---------- Input
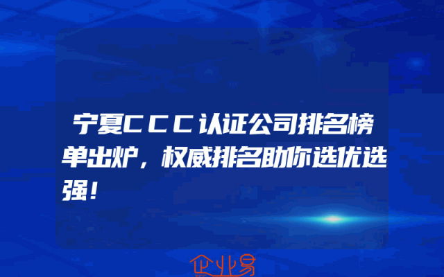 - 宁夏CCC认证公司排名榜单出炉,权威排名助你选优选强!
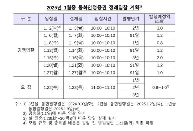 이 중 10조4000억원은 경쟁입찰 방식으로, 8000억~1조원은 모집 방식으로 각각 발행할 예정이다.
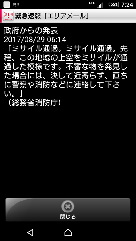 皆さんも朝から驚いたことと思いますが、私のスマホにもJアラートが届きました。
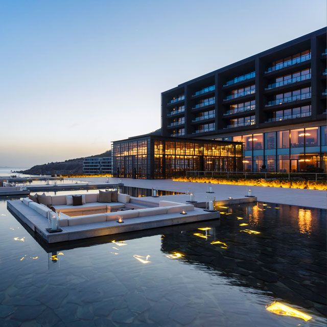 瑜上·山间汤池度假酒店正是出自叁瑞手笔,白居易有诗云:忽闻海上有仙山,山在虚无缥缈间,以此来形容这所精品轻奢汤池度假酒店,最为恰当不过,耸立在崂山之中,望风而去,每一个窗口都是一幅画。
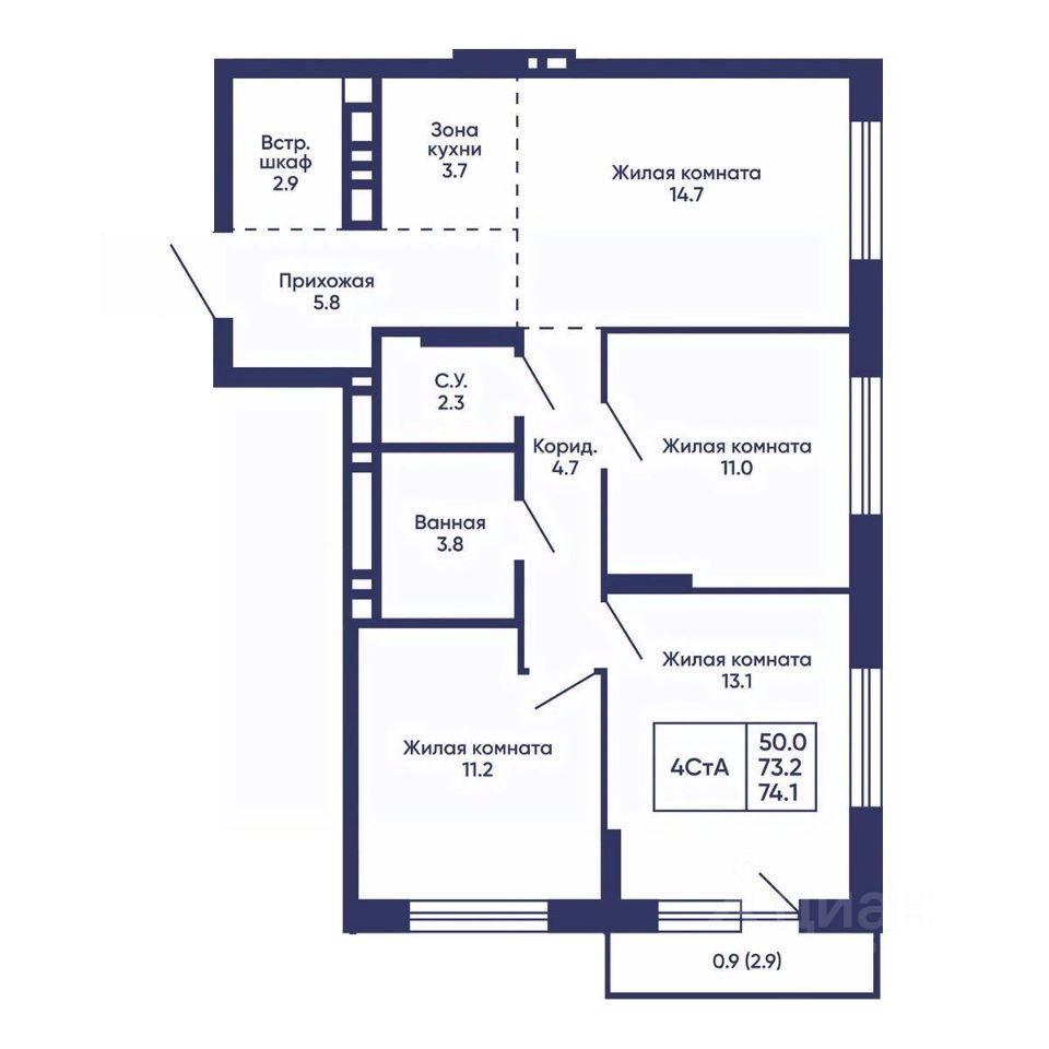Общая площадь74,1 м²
--------------------
**Activity**
Could you give the listing again exactly, minus its pictures?

**The answer**
 - 宁夏CCC认证公司排名榜单出炉,权威排名助你选优选强!
 이 중 10조4000억원은 경쟁입찰 방식으로, 8000억~1조원은 모집 방식으로 각각 발행할 예정이다.
 皆さんも朝から驚いたことと思いますが、私のスマホにもJアラートが届きました。
 瑜上·山间汤池度假酒店正是出自叁瑞手笔,白居易有诗云:忽闻海上有仙山,山在虚无缥缈间,以此来形容这所精品轻奢汤池度假酒店,最为恰当不过,耸立在崂山之中,望风而去,每一个窗口都是一幅画。
Общая площадь74,1 м²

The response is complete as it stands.